Guggenheim museum

Helsinki . GH-6038637359 entry


+ Malcolm Reading

Humans have been seeking duality in space in which we are both sheltered and ensured freedom. Contemporary art museums also evolve from the conventional type of space as “White Box” to seek a more open contemporary space. Nevertheless the traditional exhibition mode in an enclosed environment is not without its merit, which actually echoes our need deep inside for primary space. The identification of open space, on one hand results from the process of contemporary urban space growth, on the other hand it is relevant to the efforts of mankind to define their relationships to nature in contemporary lives.

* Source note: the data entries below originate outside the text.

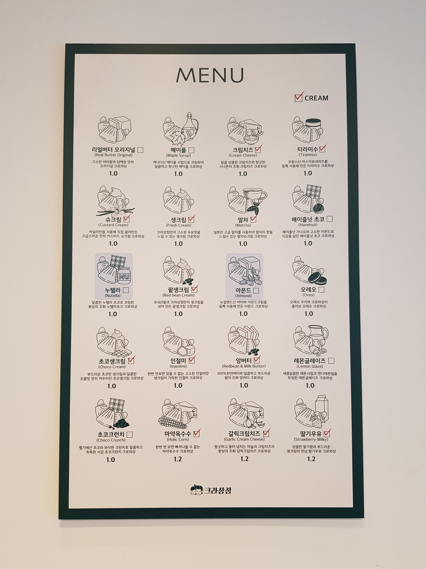 메뉴판입니다. 크라상점엔 크로와상 종류가 많아요.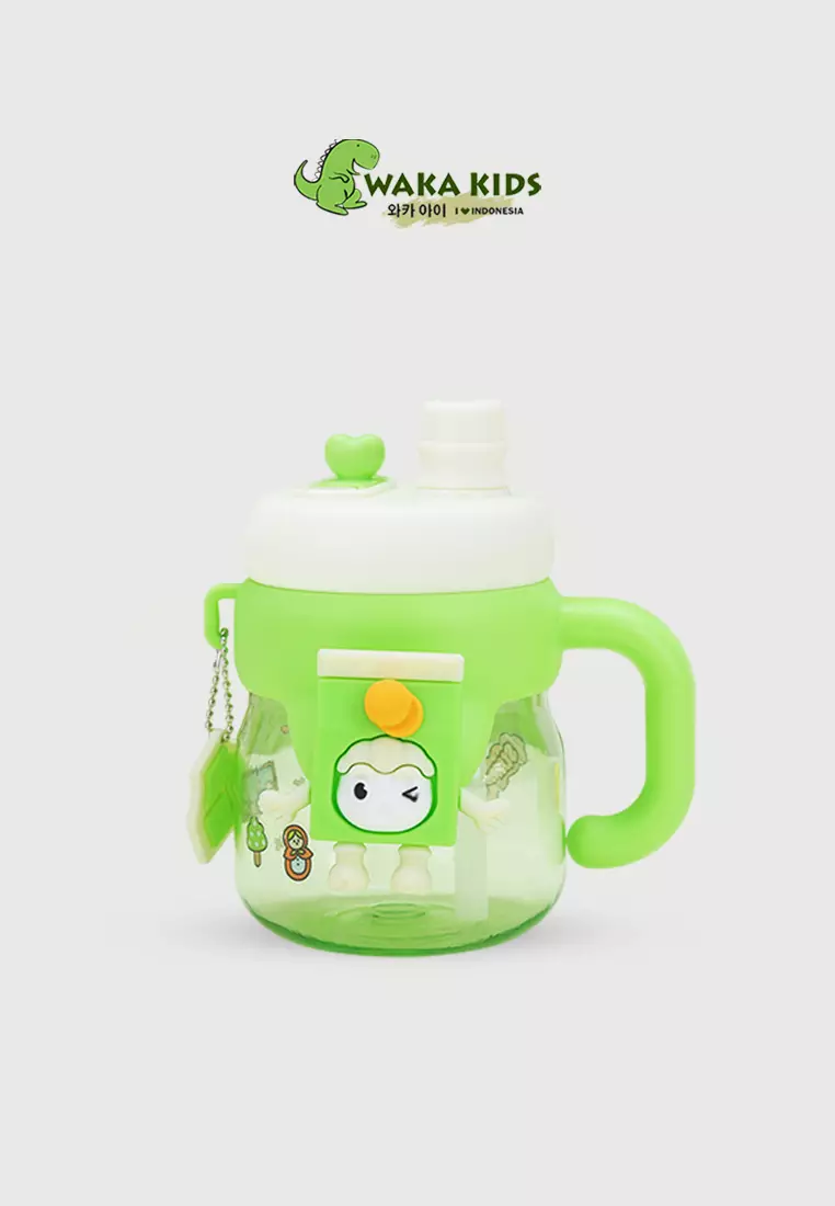 WAKAKIDSWakakids Botol Minum Plastik Transparan Bentuk Gelas Gagang Karakter Lucu Charm 2 Cara Minum 680ml K3033 Venrc Hijau96000.0050900.00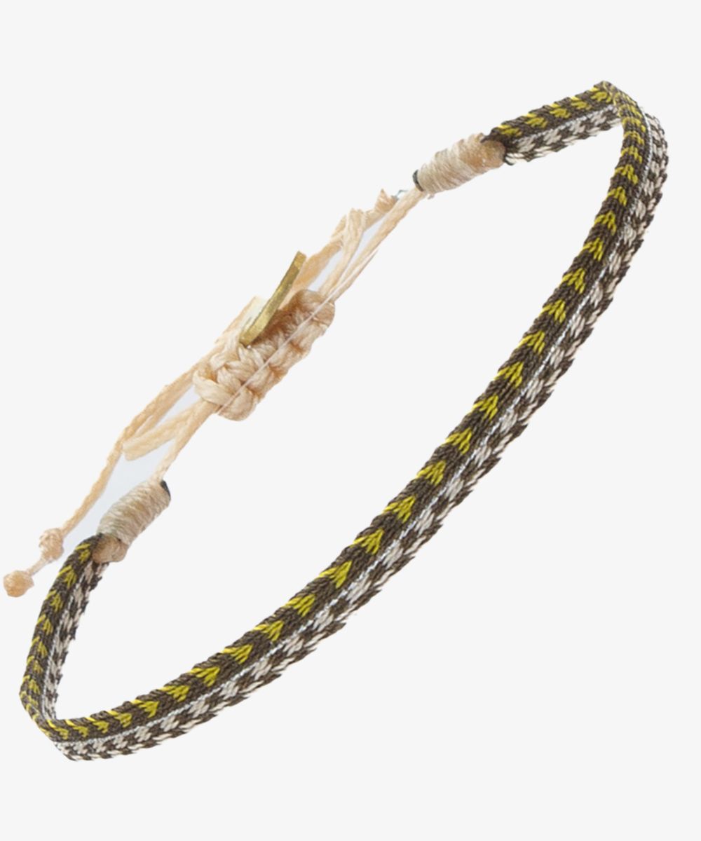 Esta pulsera está diseñada en nuestras oficinas centrales de Madrid. Tejida en un telar manual por artesanos en Colombia, utilizando técnicas antiguas. Cada pulsera está tejida con 40 hilos y cuenta con un cierre para ajustarla a la muñeca. Nuestro consejo: Puedes llevarla sola o mezclándola con varias más!

The design of New Guggenheim Museum Helsinki intends to juxtapose the closed gallery spaces with the open galleries. The lower part of the museum is composed of the closed box-shaped galleries, adjusting the conventional “White Box” into organic shapes and positioning the galleries to create a sense of cave. While the open space in the museum upper part presents an undulating ground, which is connected to the adjacent hills via a pedestrian bridge crossing over the city street, and it also visually echoes the expansive sea to the other side of the museum.

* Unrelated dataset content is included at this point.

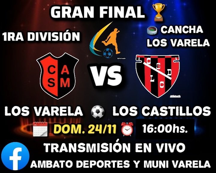 Y en el cierre de la jornada, desde las 16 hs., será el turno para la “gran final” de la 1ra. División entre los representativos del Club San Martín de Los Varela y el Club Social y Deportivo Los Castillo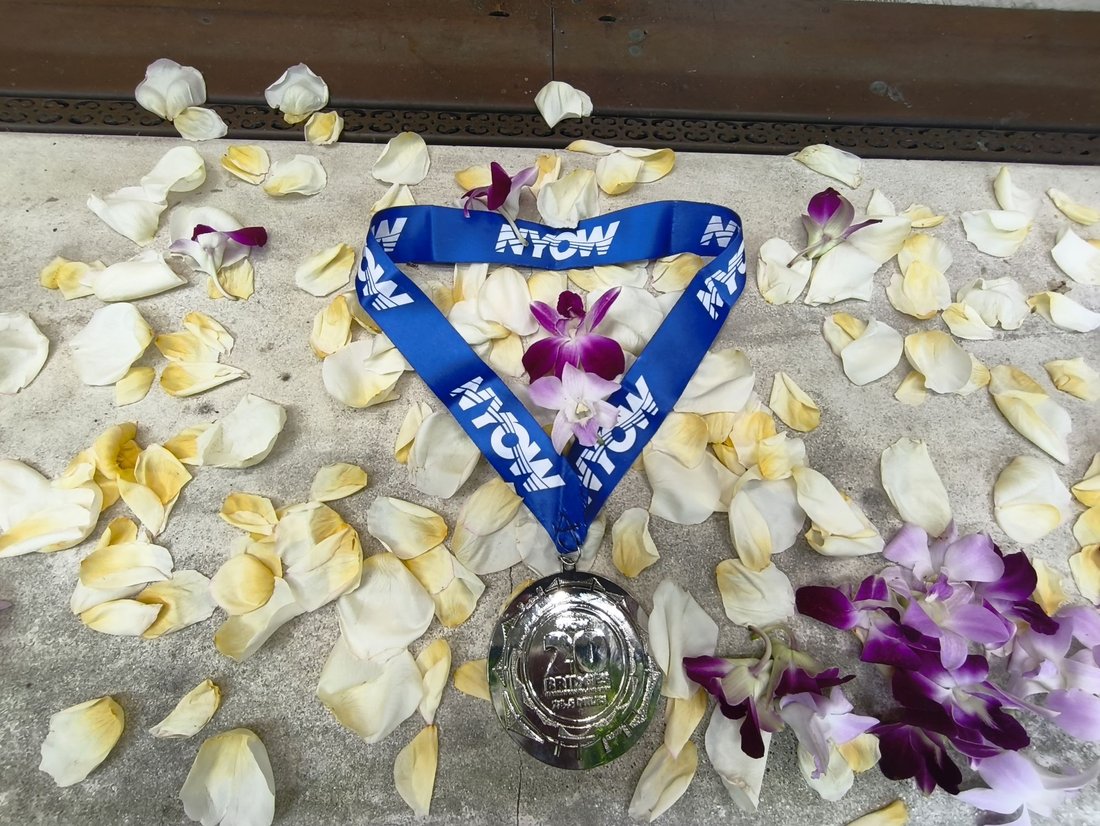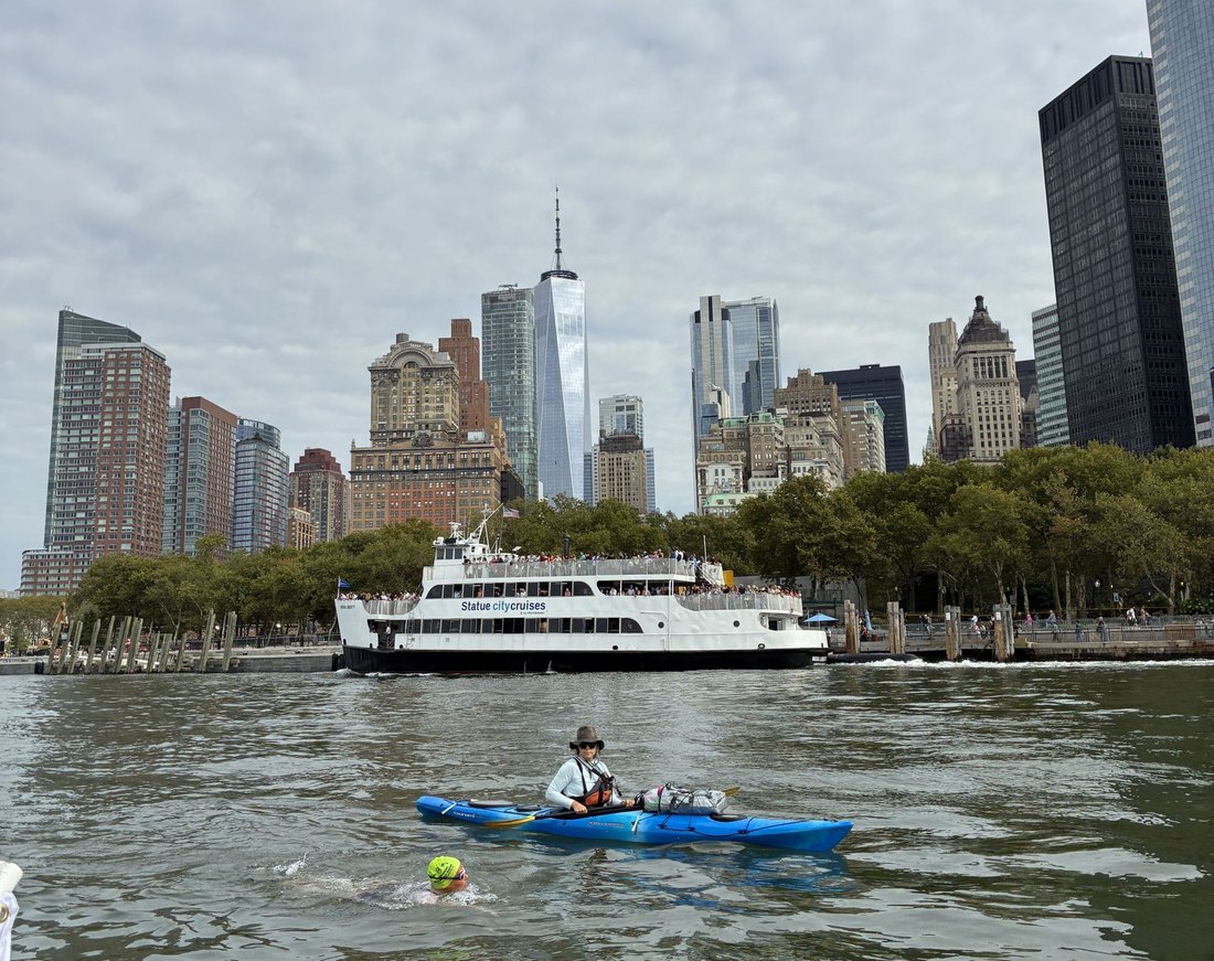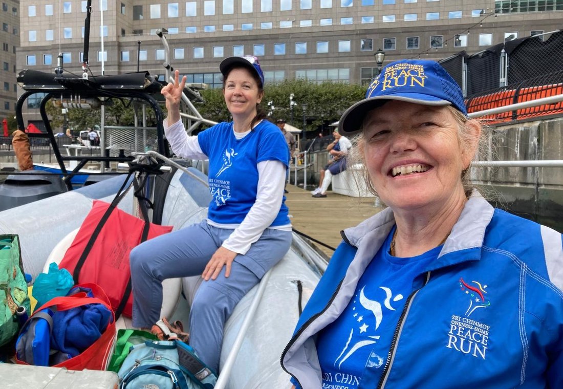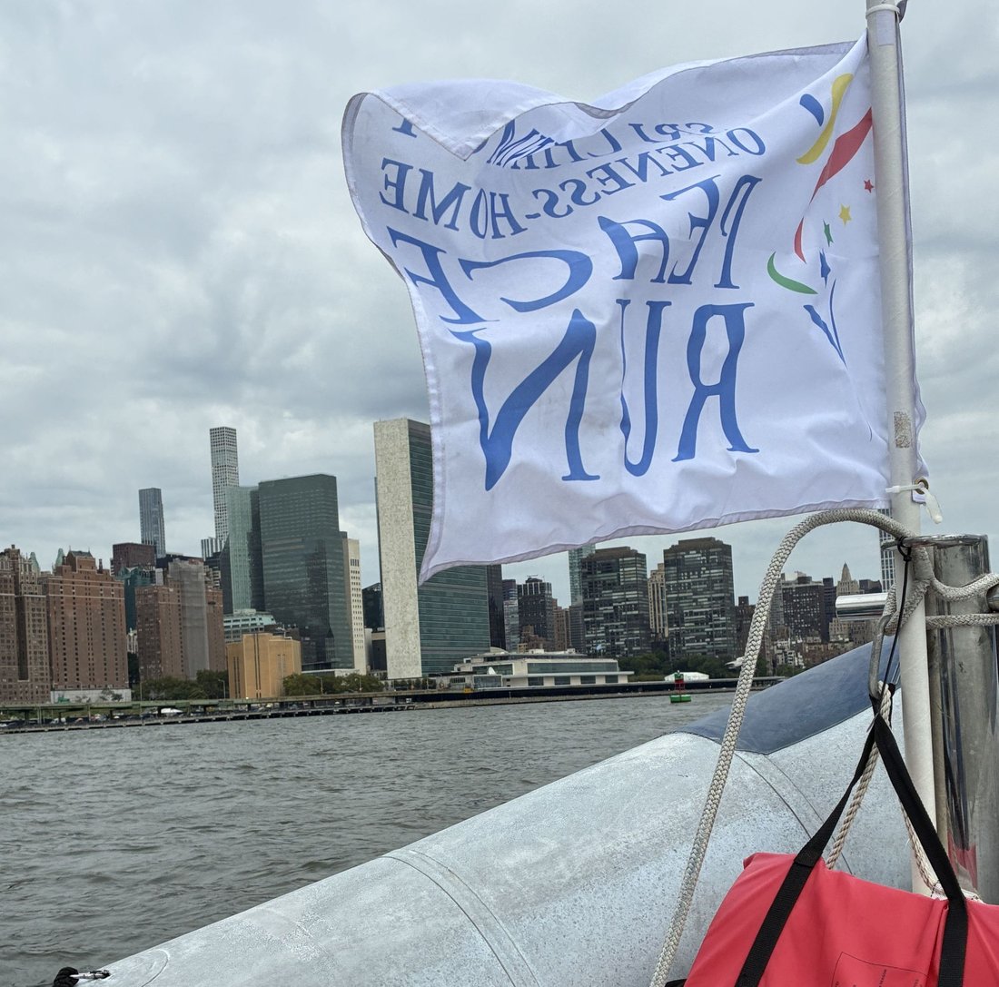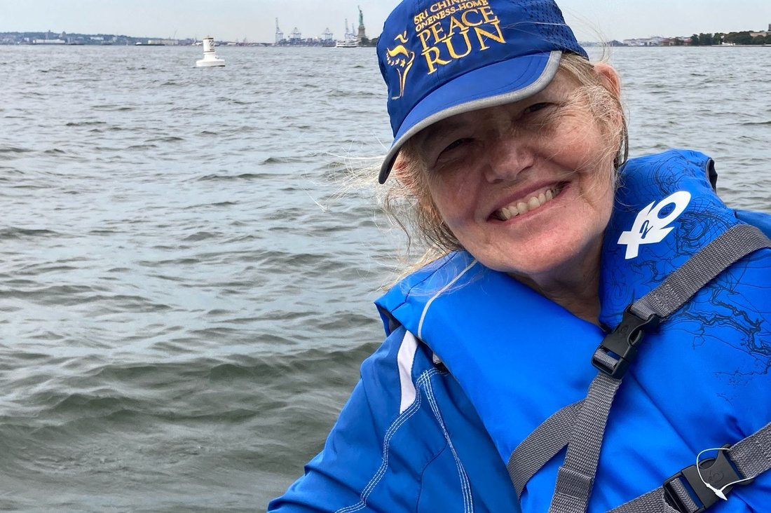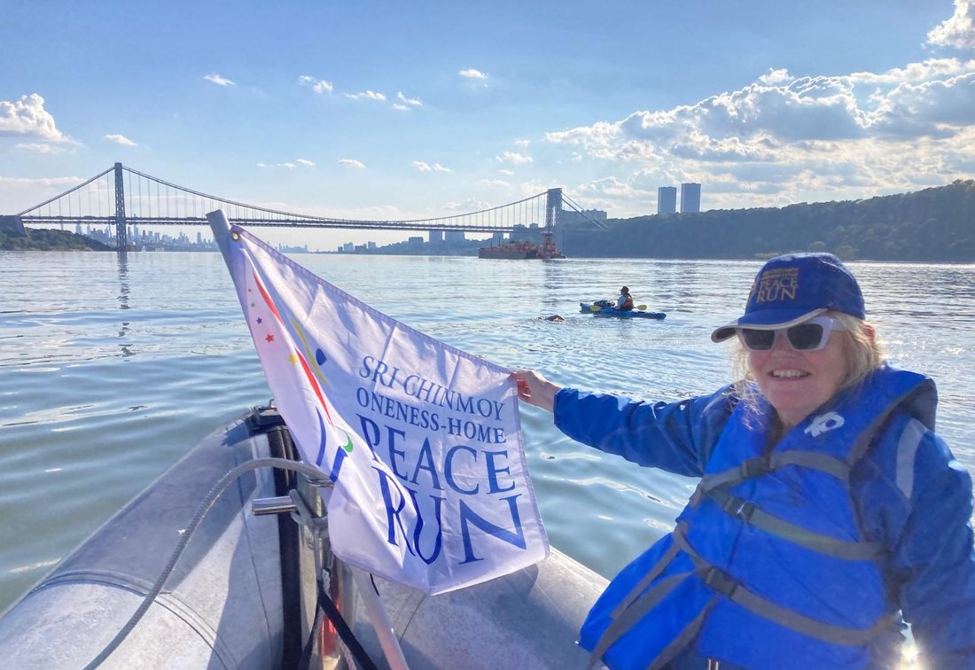 On Sept. 12, 2025, our Peace Run team member Vasanti (68) from Germany accomplished the iconic "20 Bridges" open water marathon swim around Manhattan Island, dedicating it to PEACE in honour of the United Nations 80th anniversary, the 55th year of Sri Chinmoy Peace Meditations at the United Nations and the International Day of Peace coming up on Sept. 21st. The Peace Torch of the Sri Chinmoy Oneness Home Peace Run was lit at the start and at the end and carried on the boat by her local boat crew Pipasa and Jamini. Her swim time was 9 hours 34 minutes, current-assisted. The swim is organised by New York Open Water (NYOW), who provide the accompanying safety boat and kayak including pilot, observer and kayaker.

The undulating ground creates a feeling of nature, and part of the space will be designed into a winter garden, as if the extension of the hills southwestern. It is where all museum public activities will take place. Also, a special gallery is located here, allowing an invited artist every year to have a solo show titled as “artist of the year of Guggenheim Helsinki”. It will appeal to the artists and art lovers all over the world.

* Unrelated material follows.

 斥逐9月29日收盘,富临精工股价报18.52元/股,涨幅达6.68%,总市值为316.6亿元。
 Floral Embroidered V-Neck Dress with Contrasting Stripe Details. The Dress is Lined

To emphasize the visual weight, the lower galleries will be made of concrete (from the perspective of constructive technique, it can also be steel or wood structure with precast cladding of GFRC). Local wood in Finland will be used in the upper undulating ground and the museum roof, co-structured with steel, to highlight the sense of openness and lightness. Currently, there are two ways to form the upper space; both will be possible solutions in further design.